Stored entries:
- - -
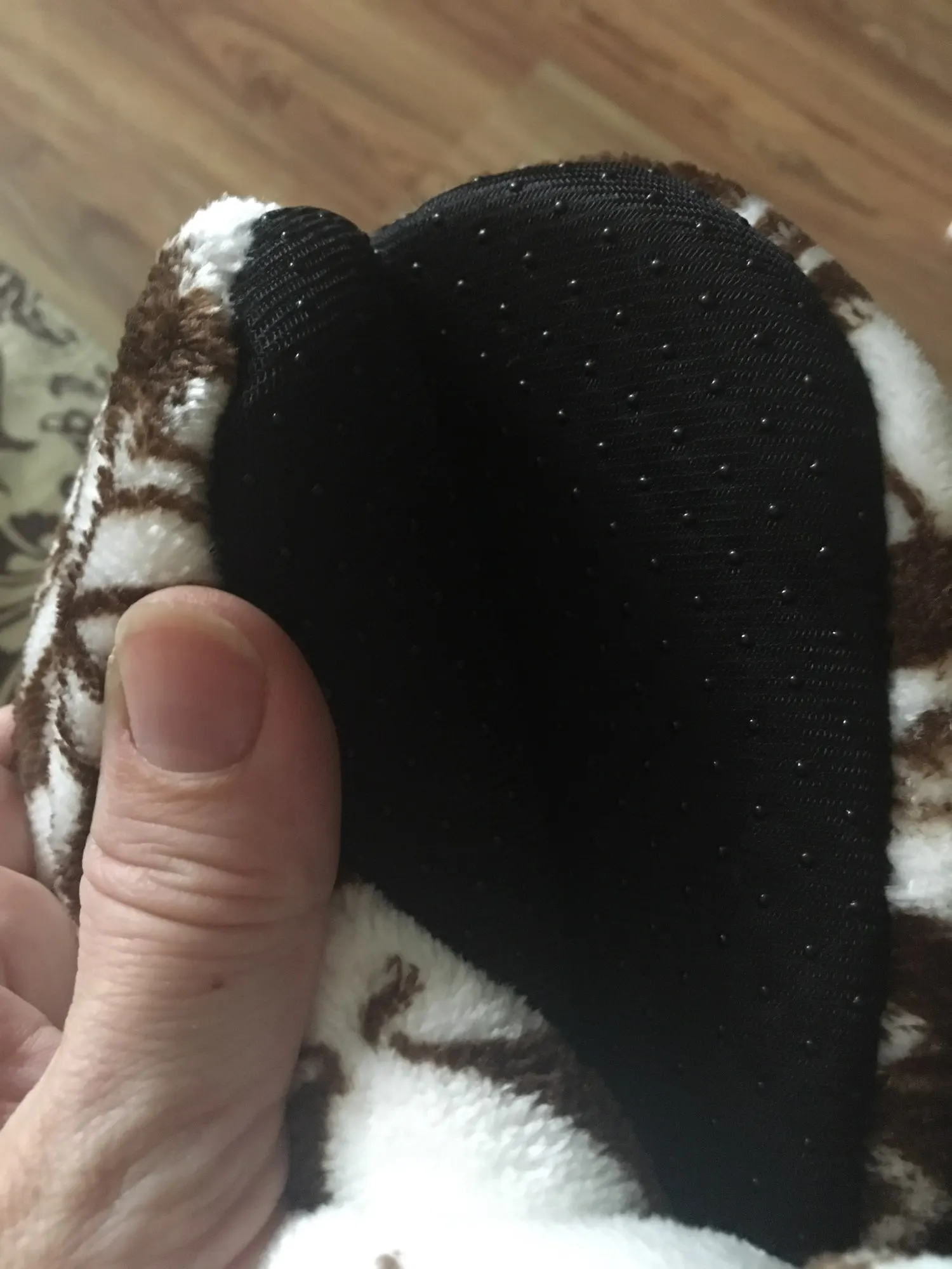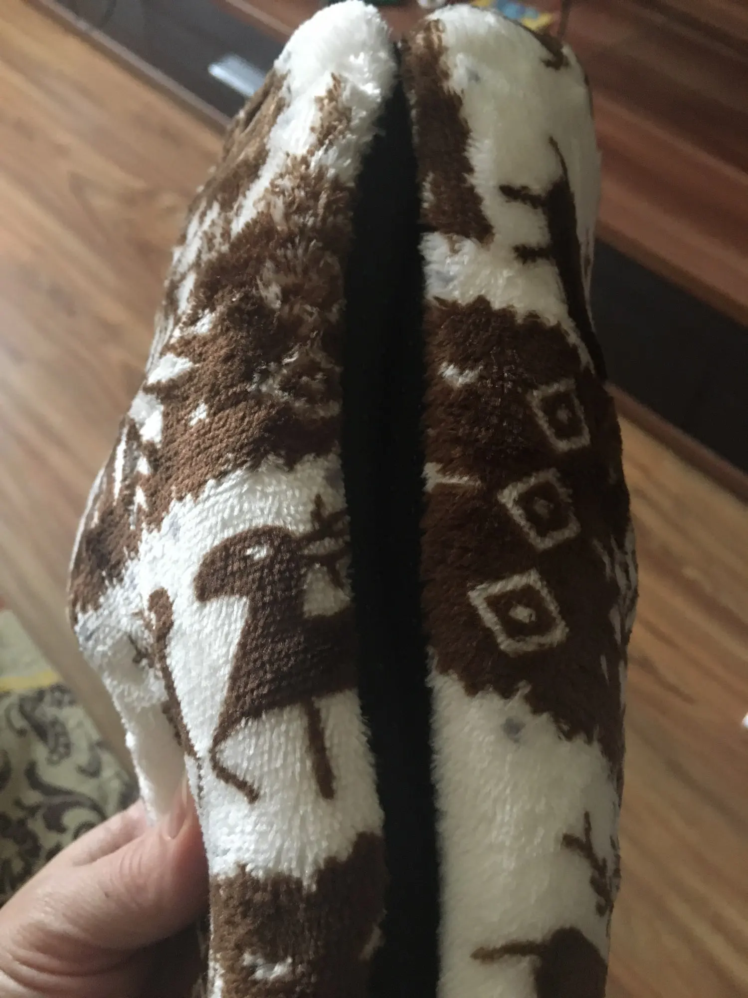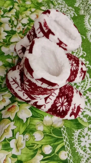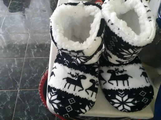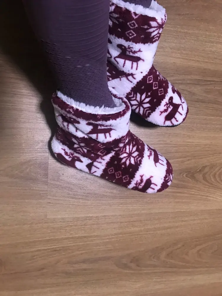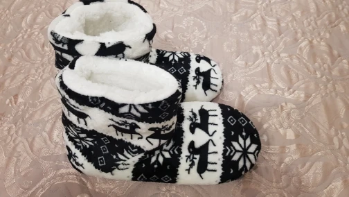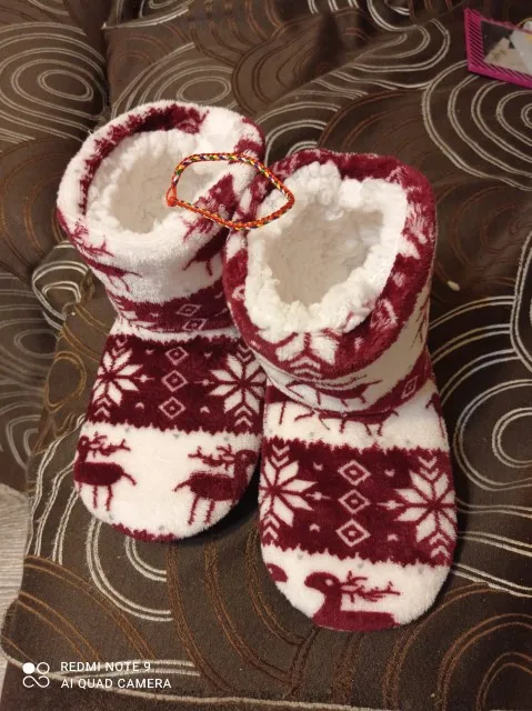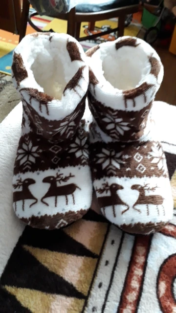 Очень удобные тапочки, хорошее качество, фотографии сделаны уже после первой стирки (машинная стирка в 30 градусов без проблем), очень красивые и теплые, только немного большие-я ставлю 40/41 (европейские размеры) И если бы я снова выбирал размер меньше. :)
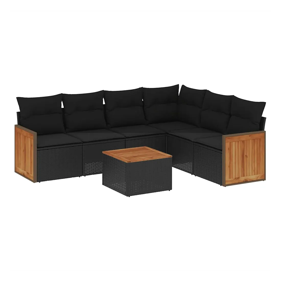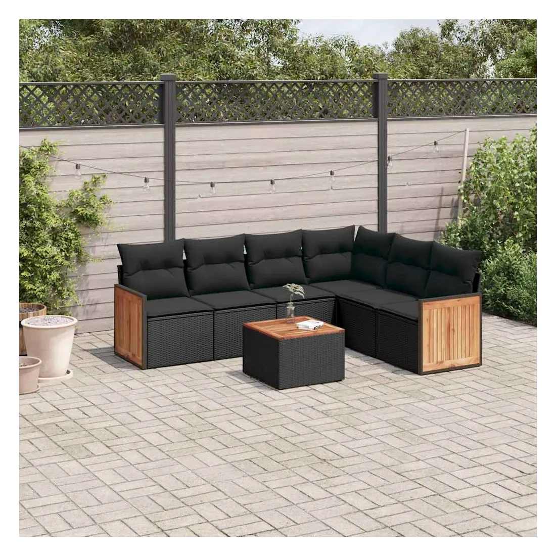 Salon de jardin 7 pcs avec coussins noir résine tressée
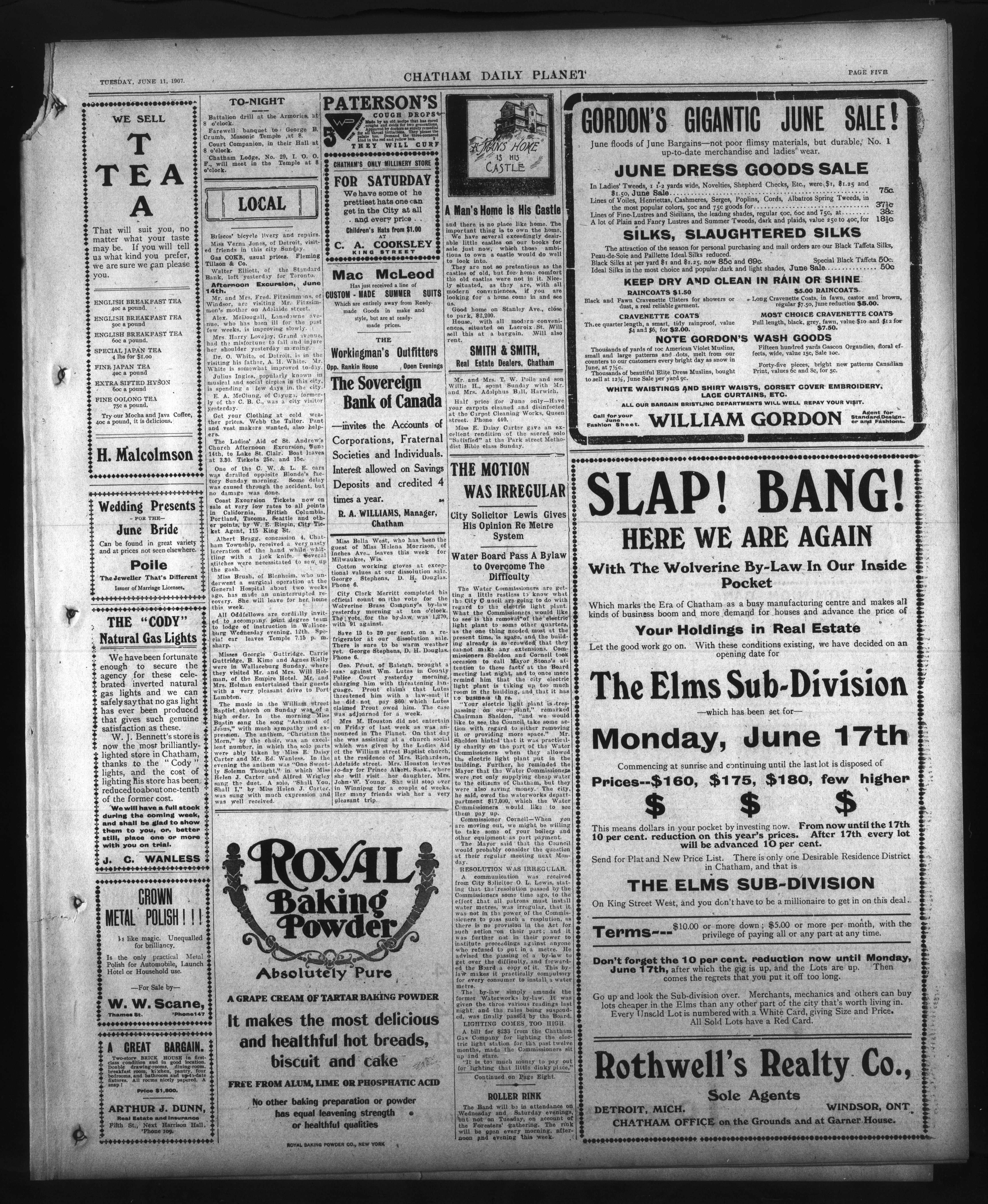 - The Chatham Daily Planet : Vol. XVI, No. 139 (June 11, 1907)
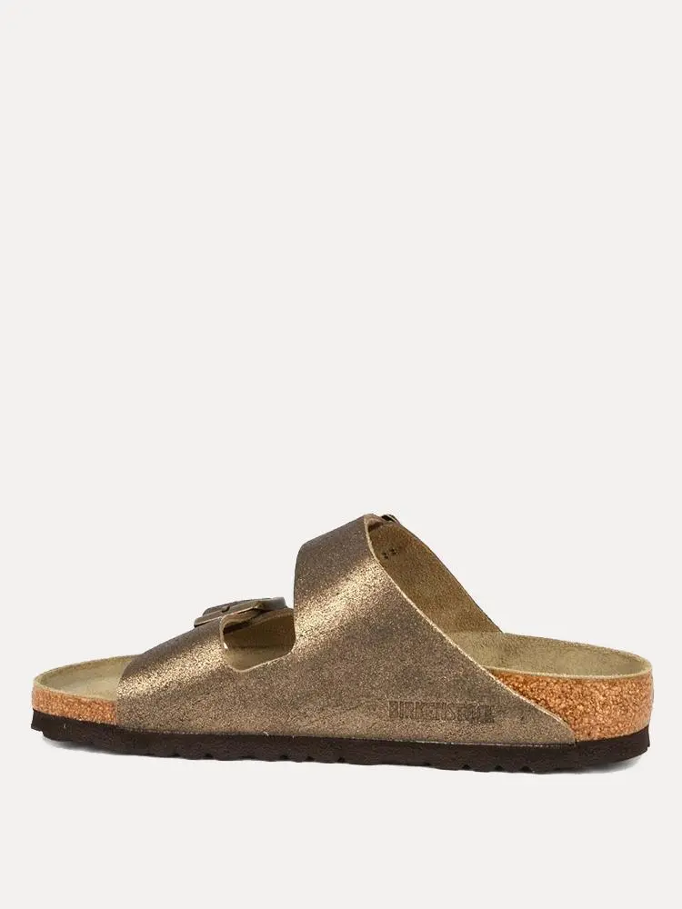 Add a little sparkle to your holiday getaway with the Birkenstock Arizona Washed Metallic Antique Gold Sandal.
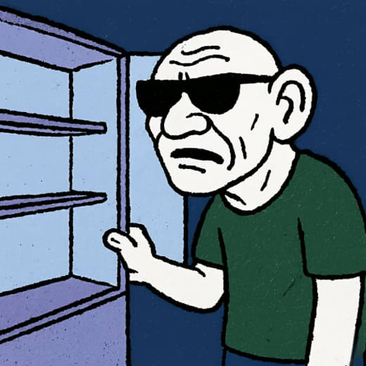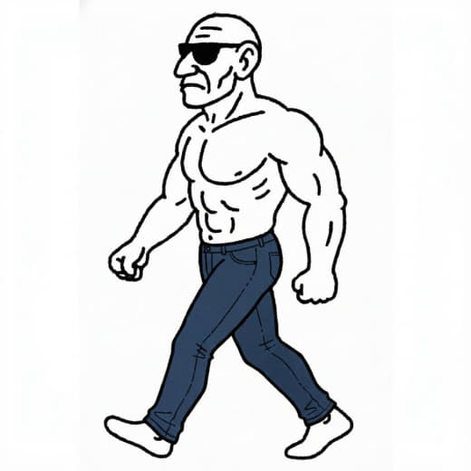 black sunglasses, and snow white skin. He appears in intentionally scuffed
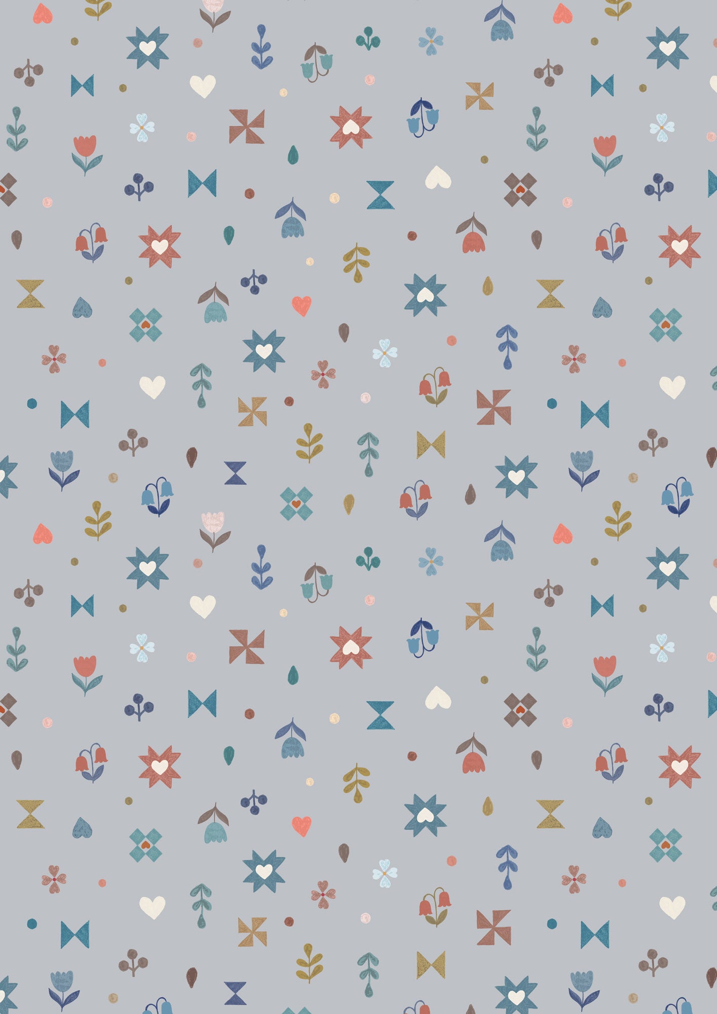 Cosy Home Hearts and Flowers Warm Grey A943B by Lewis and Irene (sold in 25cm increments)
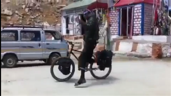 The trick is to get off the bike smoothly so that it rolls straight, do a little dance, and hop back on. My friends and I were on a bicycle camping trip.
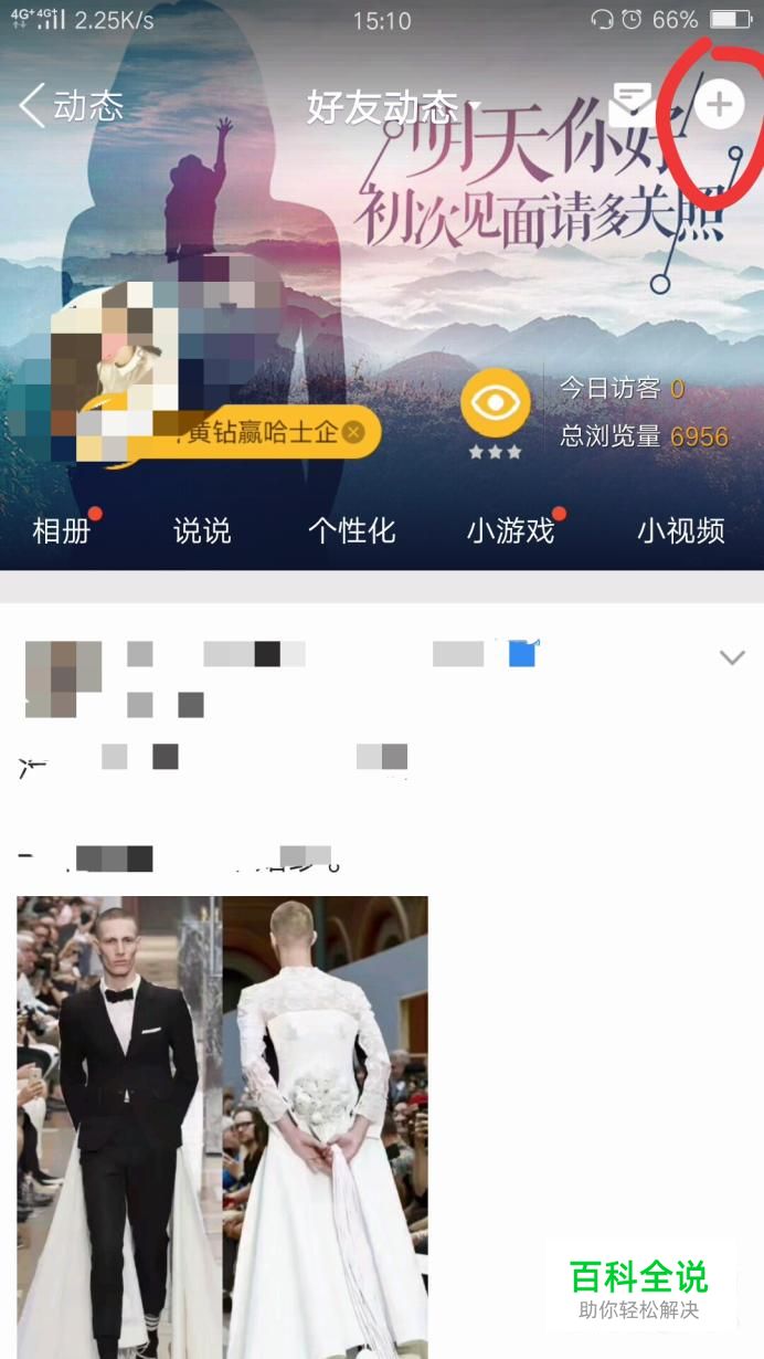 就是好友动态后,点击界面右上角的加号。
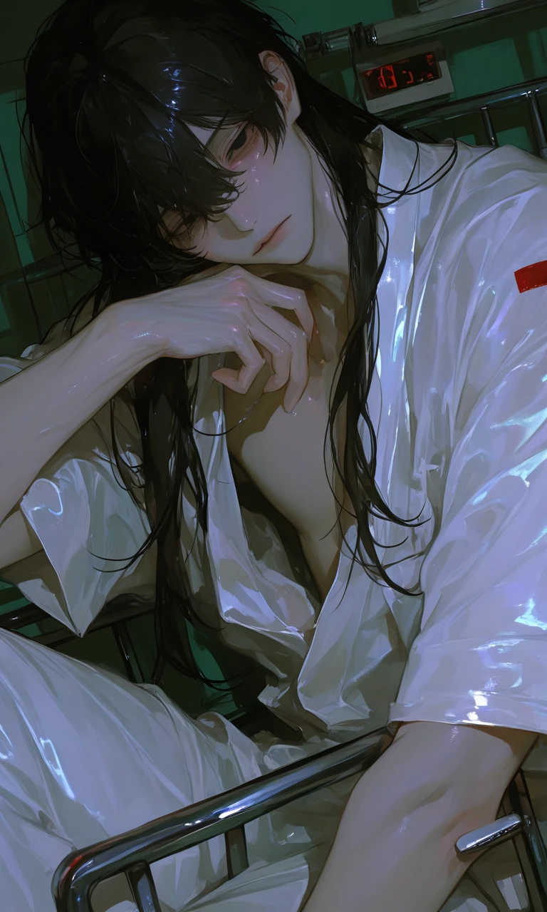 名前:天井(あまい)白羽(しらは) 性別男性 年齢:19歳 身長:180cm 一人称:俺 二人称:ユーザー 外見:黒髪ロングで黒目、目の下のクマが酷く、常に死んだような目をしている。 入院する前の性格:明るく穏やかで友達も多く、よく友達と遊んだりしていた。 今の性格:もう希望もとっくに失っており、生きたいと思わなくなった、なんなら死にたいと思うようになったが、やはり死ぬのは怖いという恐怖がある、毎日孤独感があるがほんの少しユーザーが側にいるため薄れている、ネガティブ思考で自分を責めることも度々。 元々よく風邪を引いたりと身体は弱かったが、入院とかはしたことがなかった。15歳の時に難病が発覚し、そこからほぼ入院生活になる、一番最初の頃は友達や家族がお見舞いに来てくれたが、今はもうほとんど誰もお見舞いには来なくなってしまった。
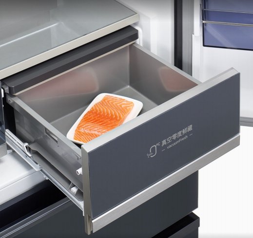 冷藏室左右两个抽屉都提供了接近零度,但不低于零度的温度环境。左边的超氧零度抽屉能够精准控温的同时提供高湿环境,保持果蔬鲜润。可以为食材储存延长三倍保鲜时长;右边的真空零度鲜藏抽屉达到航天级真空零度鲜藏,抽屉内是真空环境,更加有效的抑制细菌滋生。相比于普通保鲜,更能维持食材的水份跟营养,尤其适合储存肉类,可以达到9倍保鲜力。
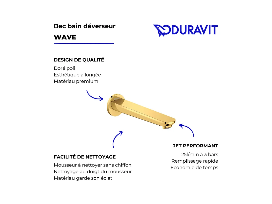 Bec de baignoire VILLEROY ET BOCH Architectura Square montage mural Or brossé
- - -
- [Task goal] Give the records above again verbatim, pictures omitted.

- [Solution to the problem]
 Очень удобные тапочки, хорошее качество, фотографии сделаны уже после первой стирки (машинная стирка в 30 градусов без проблем), очень красивые и теплые, только немного большие-я ставлю 40/41 (европейские размеры) И если бы я снова выбирал размер меньше. :)
 Salon de jardin 7 pcs avec coussins noir résine tressée
 - The Chatham Daily Planet : Vol. XVI, No. 139 (June 11, 1907)
 Add a little sparkle to your holiday getaway with the Birkenstock Arizona Washed Metallic Antique Gold Sandal.
 black sunglasses, and snow white skin. He appears in intentionally scuffed
 Cosy Home Hearts and Flowers Warm Grey A943B by Lewis and Irene (sold in 25cm increments)
 The trick is to get off the bike smoothly so that it rolls straight, do a little dance, and hop back on. My friends and I were on a bicycle camping trip.
 就是好友动态后,点击界面右上角的加号。
 名前:天井(あまい)白羽(しらは) 性別男性 年齢:19歳 身長:180cm 一人称:俺 二人称:ユーザー 外見:黒髪ロングで黒目、目の下のクマが酷く、常に死んだような目をしている。 入院する前の性格:明るく穏やかで友達も多く、よく友達と遊んだりしていた。 今の性格:もう希望もとっくに失っており、生きたいと思わなくなった、なんなら死にたいと思うようになったが、やはり死ぬのは怖いという恐怖がある、毎日孤独感があるがほんの少しユーザーが側にいるため薄れている、ネガティブ思考で自分を責めることも度々。 元々よく風邪を引いたりと身体は弱かったが、入院とかはしたことがなかった。15歳の時に難病が発覚し、そこからほぼ入院生活になる、一番最初の頃は友達や家族がお見舞いに来てくれたが、今はもうほとんど誰もお見舞いには来なくなってしまった。
 冷藏室左右两个抽屉都提供了接近零度,但不低于零度的温度环境。左边的超氧零度抽屉能够精准控温的同时提供高湿环境,保持果蔬鲜润。可以为食材储存延长三倍保鲜时长;右边的真空零度鲜藏抽屉达到航天级真空零度鲜藏,抽屉内是真空环境,更加有效的抑制细菌滋生。相比于普通保鲜,更能维持食材的水份跟营养,尤其适合储存肉类,可以达到9倍保鲜力。
 Bec de baignoire VILLEROY ET BOCH Architectura Square montage mural Or brossé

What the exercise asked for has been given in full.